FTC commissioner Julie Brill spoke about how those current fairness structures — particularly the Fair Credit Reporting Act — should serve as benchmarks for new regulations aimed at companies that are creating alternative credit scores out of the data they are collecting.
“The use of new sources of information, including information that goes beyond traditional credit files, to score consumers raises fresh questions about whether these alternate scores may have disparate impacts along racial, ethnic or other lines that the law protects,” Brill said. “Those questions are likely to linger and grow more urgent…until the companies that develop these alternate scores go further to demonstrate that their models do not contain racial, ethnic, or other prohibited biases.”
Bias was a common thread throughout each panel, due to the fact that big data by practice divides and separates people into myriad of groups.

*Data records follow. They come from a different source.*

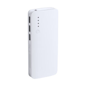 Műanyag USB power bank 3 csatlakozóval és 10000 mAh akkumulátorral. Töltőkábel nélkül szállítjuk.
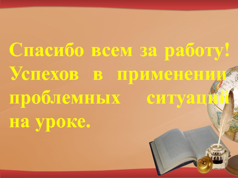 Спасибо всем за работу! Успехов в применении проблемных ситуаций на уроке.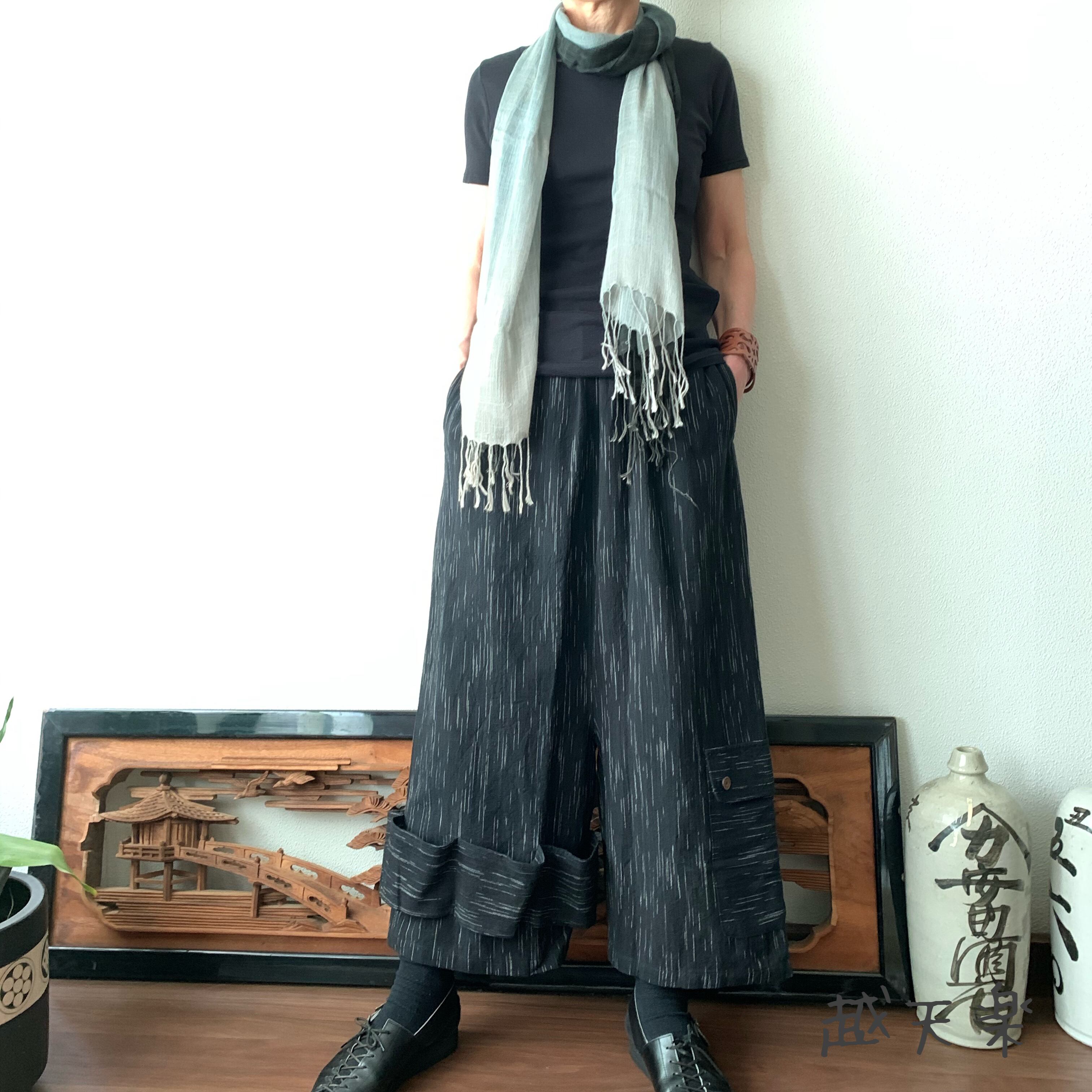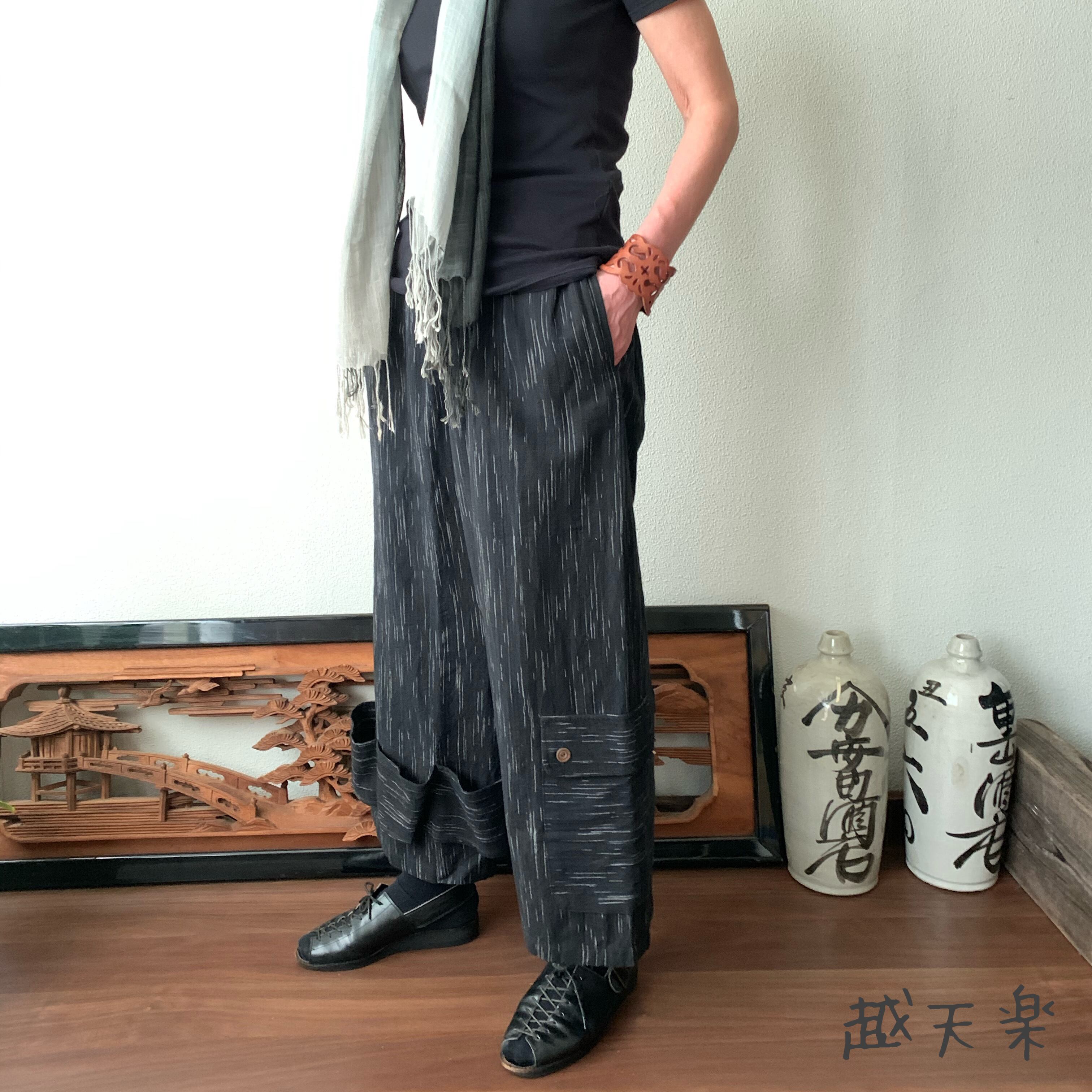 『越天楽おしゃれ番長ご用達!変形サルエル手織り綿パンツ 大きく足を広げることはできないけど履くとカッコよさ抜群』

“As businesses segment consumers to determine what products are marketed to them, the prices they are charged, and the level of customer service they receive, the worry is that existing disparities will be exacerbated,” said FTC Chairwoman Edith Ramirez. “Is this discrimination? In one sense, yes. By its nature, that is what big data does in the commercial sphere — analyzes vast amounts of information to differentiate among us at lightning speed through a complex and opaque process. But is it unfair, biased, or even illegal discrimination?”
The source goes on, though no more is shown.